## Task
An exact transcription is needed of the lines below from the one with "- Закатнов, Д.О." through the one with "Huawei a notamment", with no other lines and no pictures.

## Material shown
◆ ◆ ◆
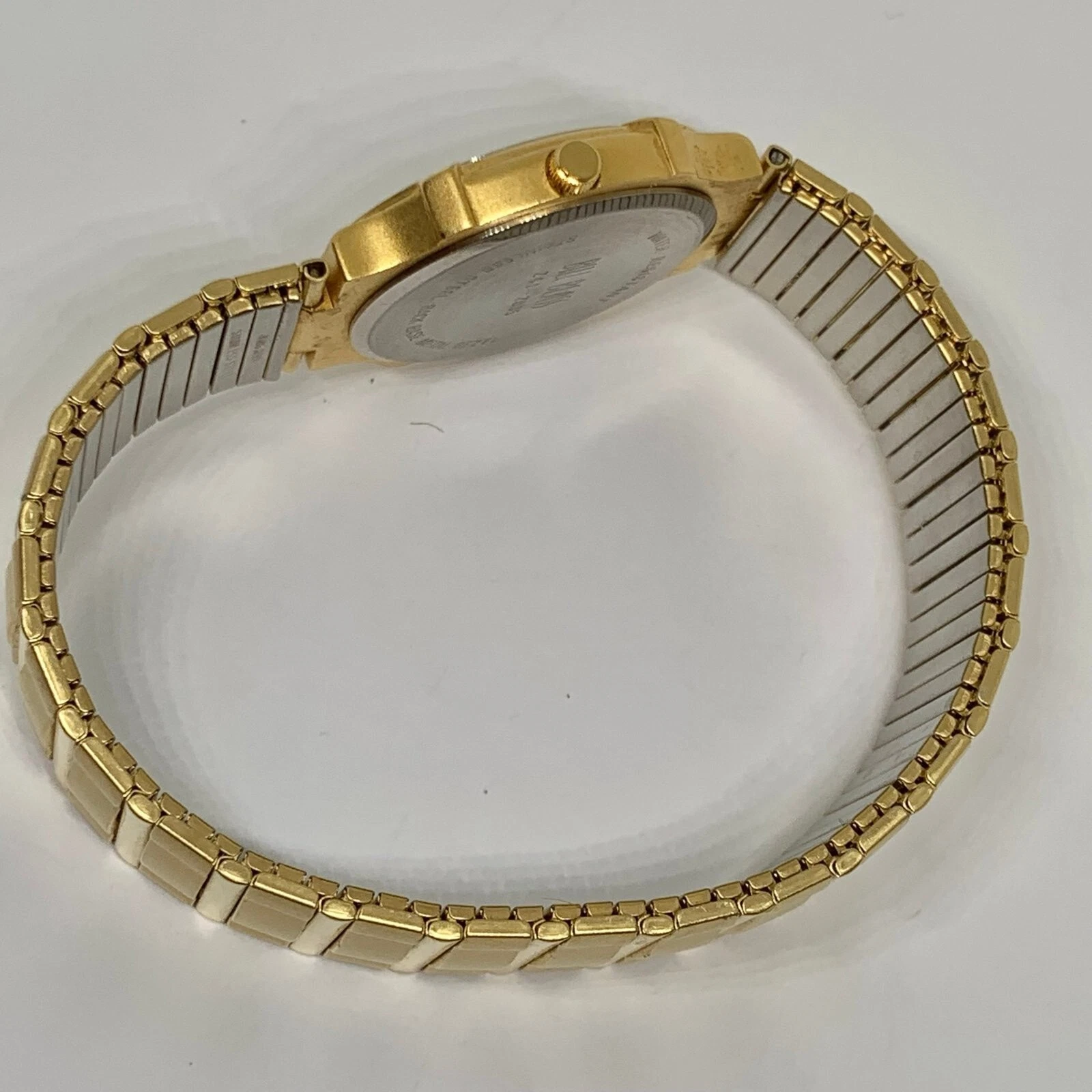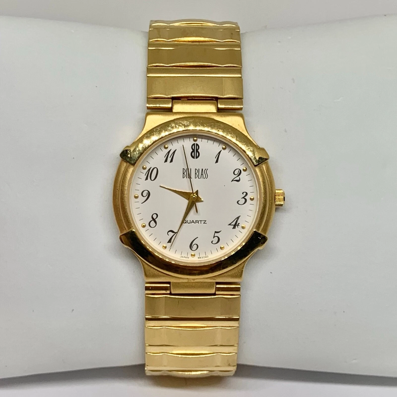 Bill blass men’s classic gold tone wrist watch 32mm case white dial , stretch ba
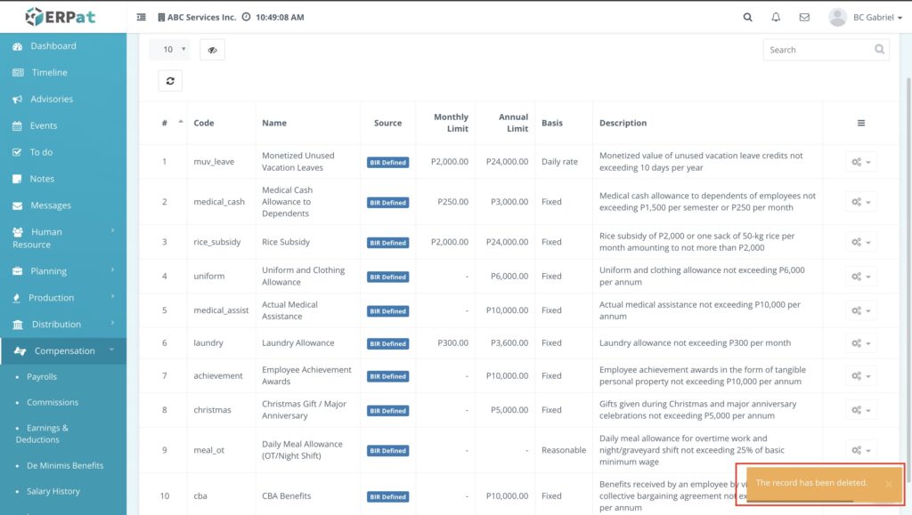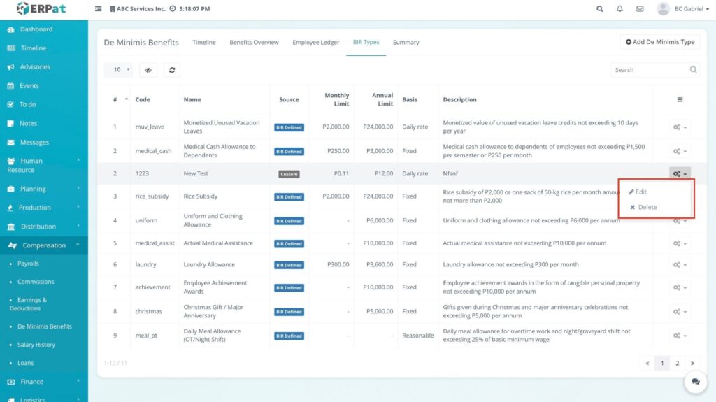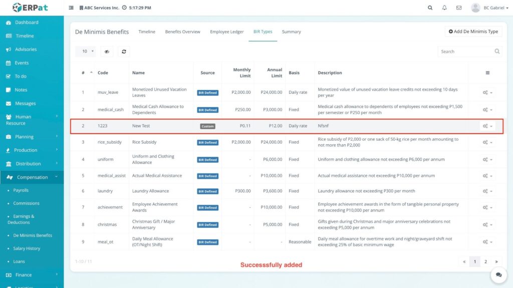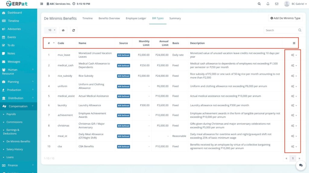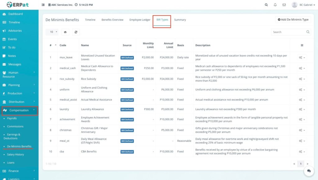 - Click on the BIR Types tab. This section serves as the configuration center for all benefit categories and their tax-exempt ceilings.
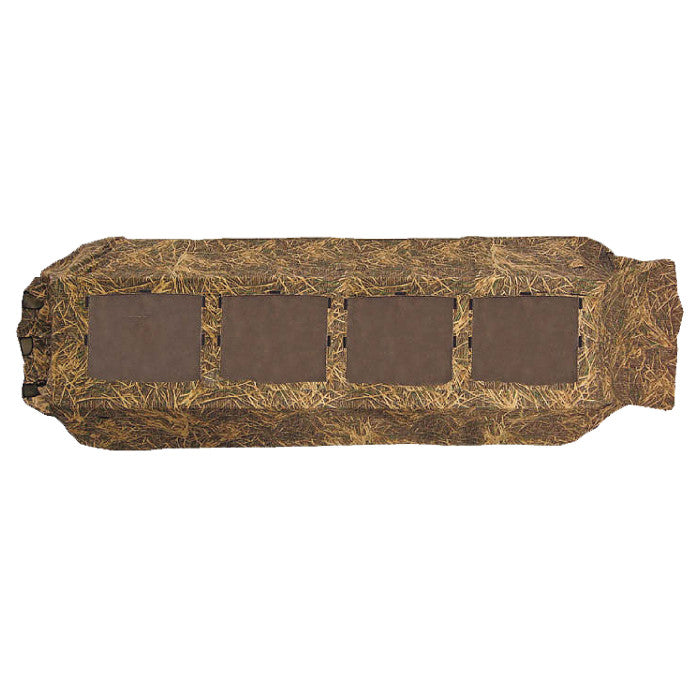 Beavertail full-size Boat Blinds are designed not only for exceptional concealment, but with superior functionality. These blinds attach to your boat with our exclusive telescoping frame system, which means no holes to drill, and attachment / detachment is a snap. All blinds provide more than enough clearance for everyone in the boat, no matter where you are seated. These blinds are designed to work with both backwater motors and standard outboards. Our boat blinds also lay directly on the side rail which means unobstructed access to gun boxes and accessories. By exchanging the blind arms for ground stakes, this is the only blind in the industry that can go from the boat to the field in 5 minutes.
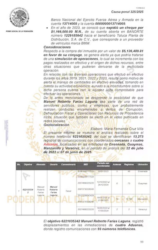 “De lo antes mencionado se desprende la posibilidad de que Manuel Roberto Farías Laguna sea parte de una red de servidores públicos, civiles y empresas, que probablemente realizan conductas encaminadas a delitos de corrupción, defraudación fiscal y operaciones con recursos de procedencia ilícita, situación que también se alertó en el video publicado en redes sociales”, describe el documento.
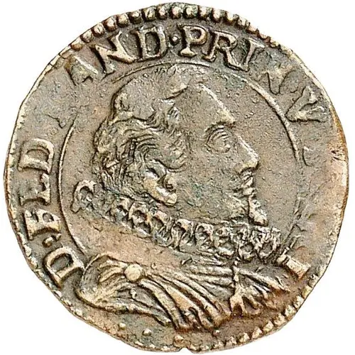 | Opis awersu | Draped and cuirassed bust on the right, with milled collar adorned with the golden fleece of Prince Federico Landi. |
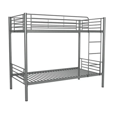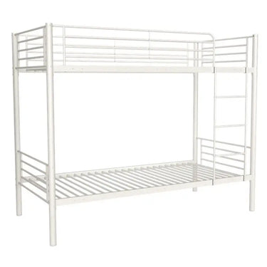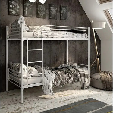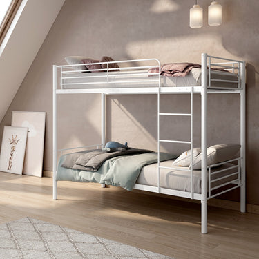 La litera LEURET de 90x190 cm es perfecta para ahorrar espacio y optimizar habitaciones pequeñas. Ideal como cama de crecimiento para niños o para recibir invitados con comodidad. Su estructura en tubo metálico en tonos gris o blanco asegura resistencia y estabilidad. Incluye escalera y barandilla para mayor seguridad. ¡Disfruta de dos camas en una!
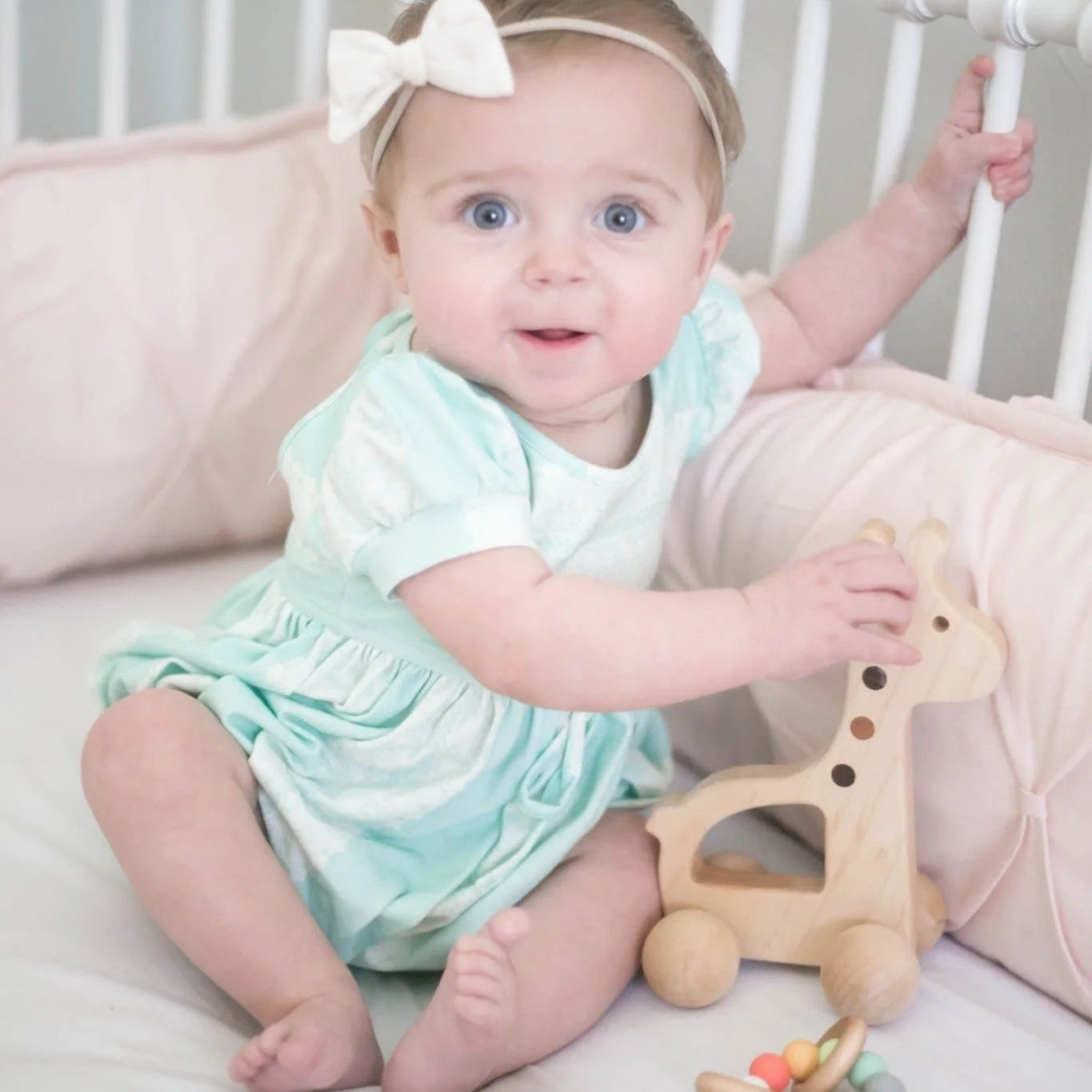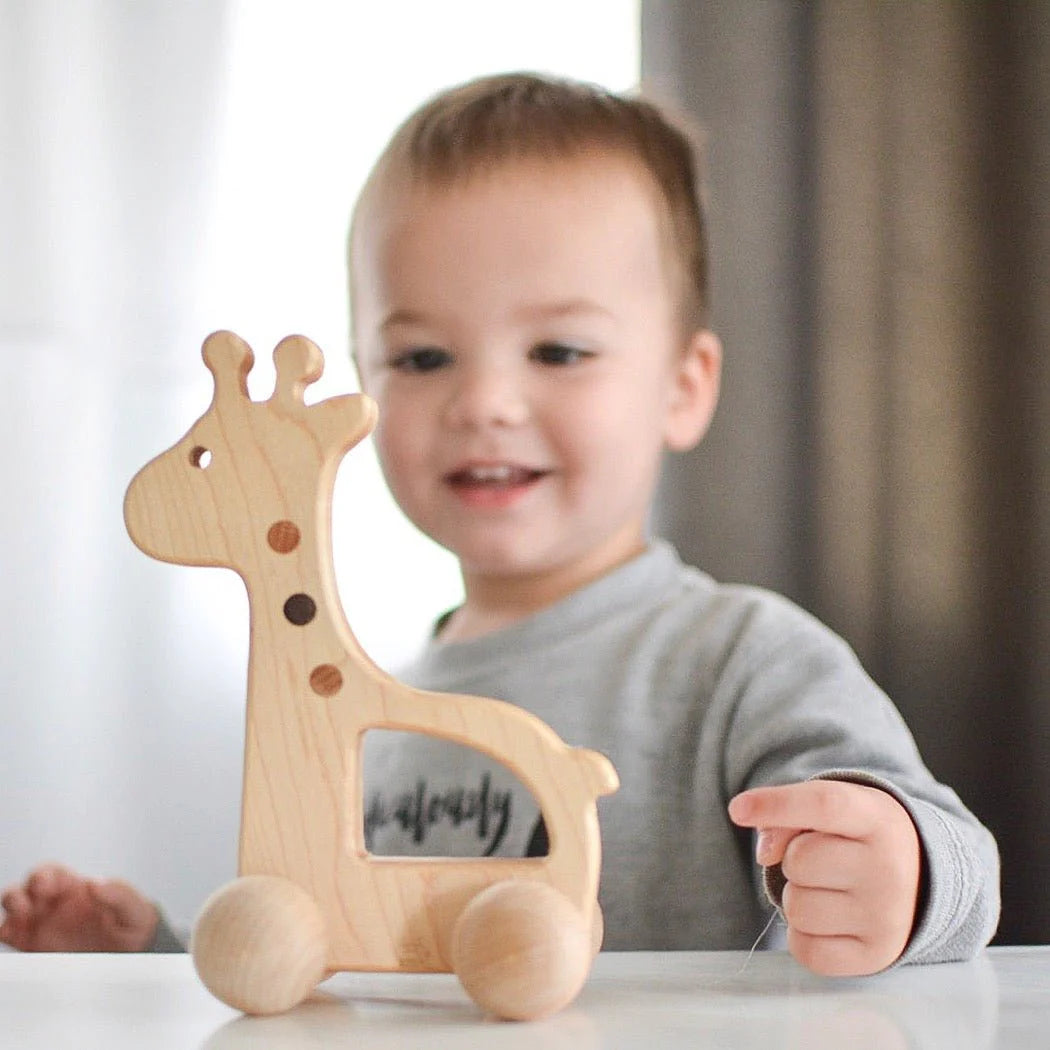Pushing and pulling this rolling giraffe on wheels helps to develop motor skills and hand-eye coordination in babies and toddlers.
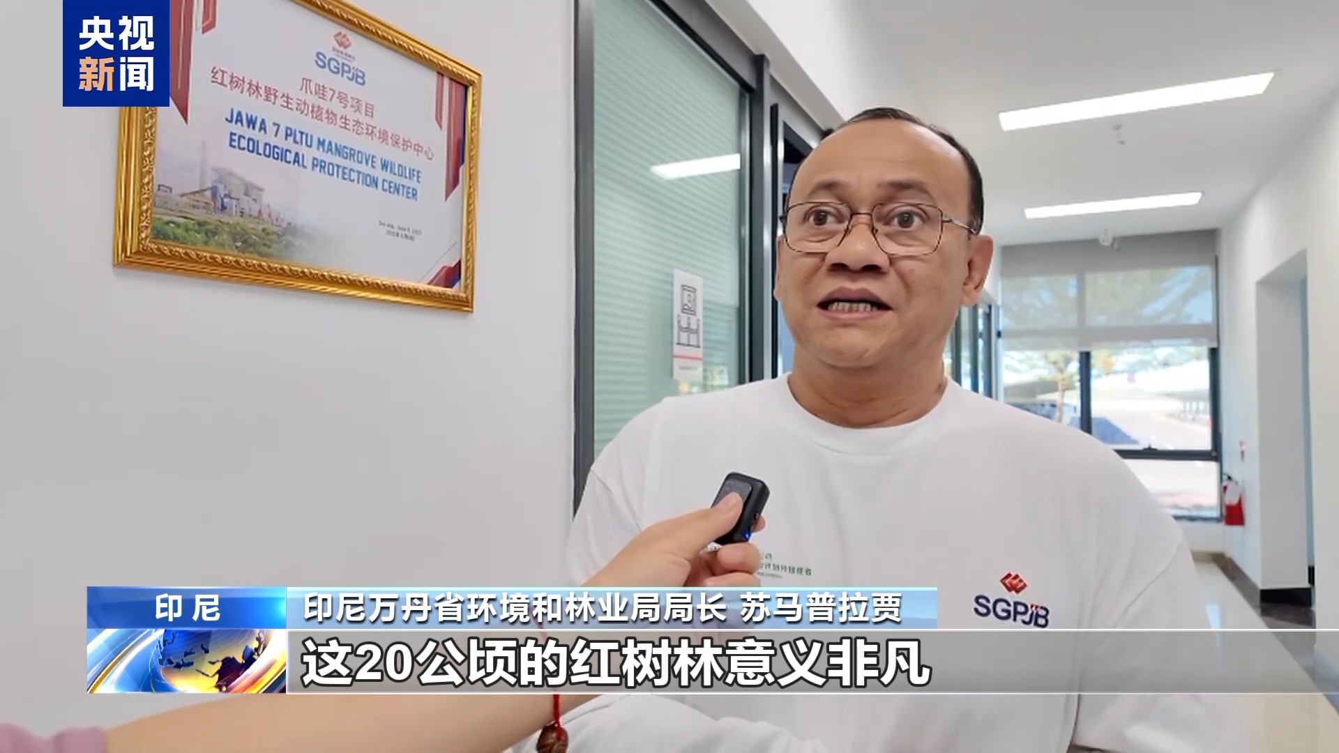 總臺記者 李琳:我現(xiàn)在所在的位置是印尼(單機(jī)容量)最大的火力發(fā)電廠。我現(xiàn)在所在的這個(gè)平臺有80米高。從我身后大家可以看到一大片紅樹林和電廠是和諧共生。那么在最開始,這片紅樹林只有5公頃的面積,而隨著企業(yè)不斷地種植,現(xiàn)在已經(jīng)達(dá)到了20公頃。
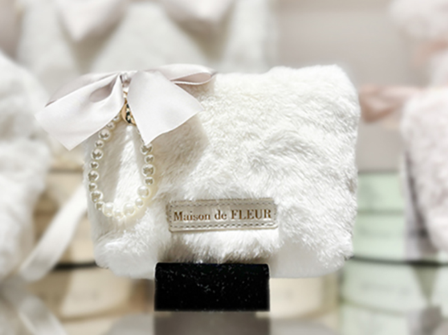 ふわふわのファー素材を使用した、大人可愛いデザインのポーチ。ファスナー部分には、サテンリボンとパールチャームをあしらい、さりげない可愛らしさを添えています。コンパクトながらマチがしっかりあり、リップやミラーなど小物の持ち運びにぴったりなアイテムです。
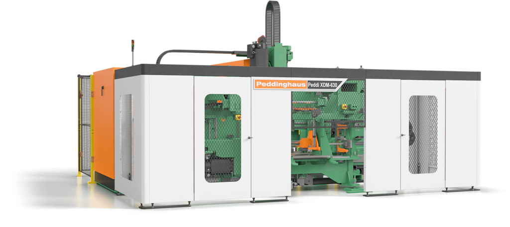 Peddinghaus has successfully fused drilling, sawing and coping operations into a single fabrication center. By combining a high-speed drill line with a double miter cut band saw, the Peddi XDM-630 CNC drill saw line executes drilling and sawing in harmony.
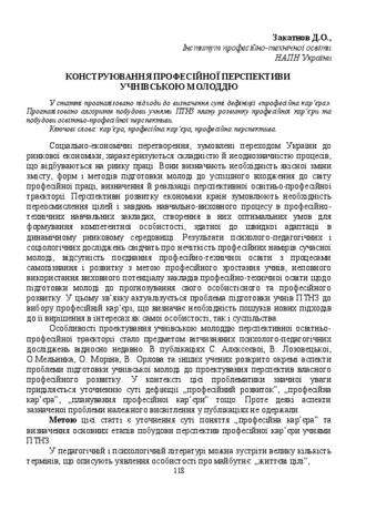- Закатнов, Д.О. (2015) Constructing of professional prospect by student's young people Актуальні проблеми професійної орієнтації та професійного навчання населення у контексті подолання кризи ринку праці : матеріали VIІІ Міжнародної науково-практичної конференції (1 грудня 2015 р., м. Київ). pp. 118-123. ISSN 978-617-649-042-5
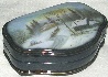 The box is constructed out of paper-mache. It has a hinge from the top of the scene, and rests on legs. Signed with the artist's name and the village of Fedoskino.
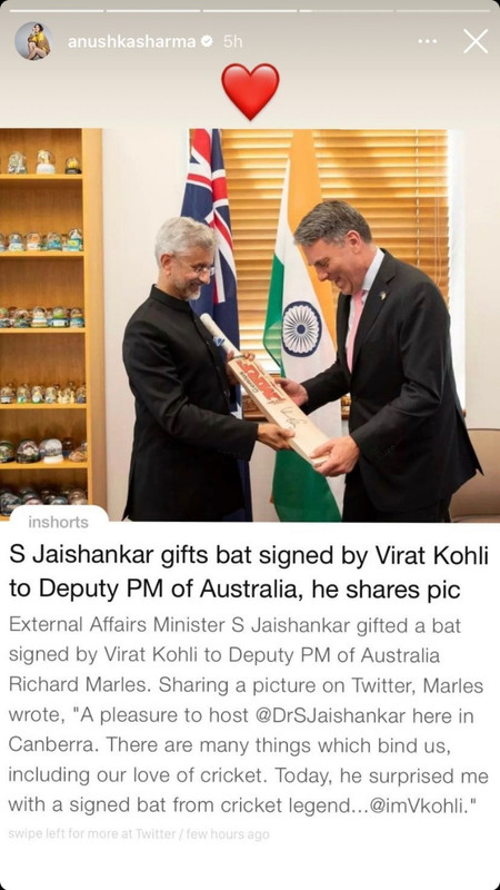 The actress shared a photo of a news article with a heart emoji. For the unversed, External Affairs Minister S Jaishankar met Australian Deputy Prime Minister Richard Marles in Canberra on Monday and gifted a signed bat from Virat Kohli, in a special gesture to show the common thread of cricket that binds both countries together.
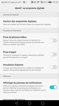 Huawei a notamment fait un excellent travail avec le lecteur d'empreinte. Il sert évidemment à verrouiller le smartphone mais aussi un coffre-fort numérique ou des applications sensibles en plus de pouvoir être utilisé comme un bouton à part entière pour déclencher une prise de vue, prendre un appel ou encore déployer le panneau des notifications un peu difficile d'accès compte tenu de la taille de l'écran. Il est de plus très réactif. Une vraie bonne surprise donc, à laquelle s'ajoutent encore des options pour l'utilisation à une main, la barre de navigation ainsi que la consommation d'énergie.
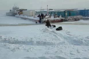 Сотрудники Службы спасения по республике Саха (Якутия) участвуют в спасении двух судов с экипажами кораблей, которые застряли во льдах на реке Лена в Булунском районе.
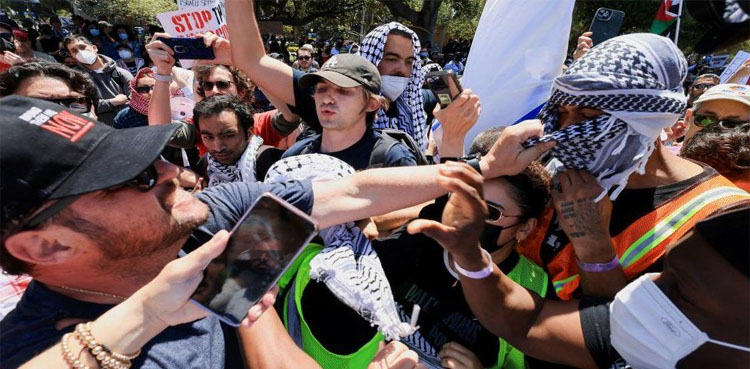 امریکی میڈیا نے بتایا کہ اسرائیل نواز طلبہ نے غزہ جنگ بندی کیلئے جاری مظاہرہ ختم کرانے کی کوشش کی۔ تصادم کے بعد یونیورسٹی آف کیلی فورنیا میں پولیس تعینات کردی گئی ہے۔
◆ ◆ ◆
## Written answer
- Закатнов, Д.О. (2015) Constructing of professional prospect by student's young people Актуальні проблеми професійної орієнтації та професійного навчання населення у контексті подолання кризи ринку праці : матеріали VIІІ Міжнародної науково-практичної конференції (1 грудня 2015 р., м. Київ). pp. 118-123. ISSN 978-617-649-042-5
 The box is constructed out of paper-mache. It has a hinge from the top of the scene, and rests on legs. Signed with the artist's name and the village of Fedoskino.
 The actress shared a photo of a news article with a heart emoji. For the unversed, External Affairs Minister S Jaishankar met Australian Deputy Prime Minister Richard Marles in Canberra on Monday and gifted a signed bat from Virat Kohli, in a special gesture to show the common thread of cricket that binds both countries together.
 Huawei a notamment fait un excellent travail avec le lecteur d'empreinte. Il sert évidemment à verrouiller le smartphone mais aussi un coffre-fort numérique ou des applications sensibles en plus de pouvoir être utilisé comme un bouton à part entière pour déclencher une prise de vue, prendre un appel ou encore déployer le panneau des notifications un peu difficile d'accès compte tenu de la taille de l'écran. Il est de plus très réactif. Une vraie bonne surprise donc, à laquelle s'ajoutent encore des options pour l'utilisation à une main, la barre de navigation ainsi que la consommation d'énergie.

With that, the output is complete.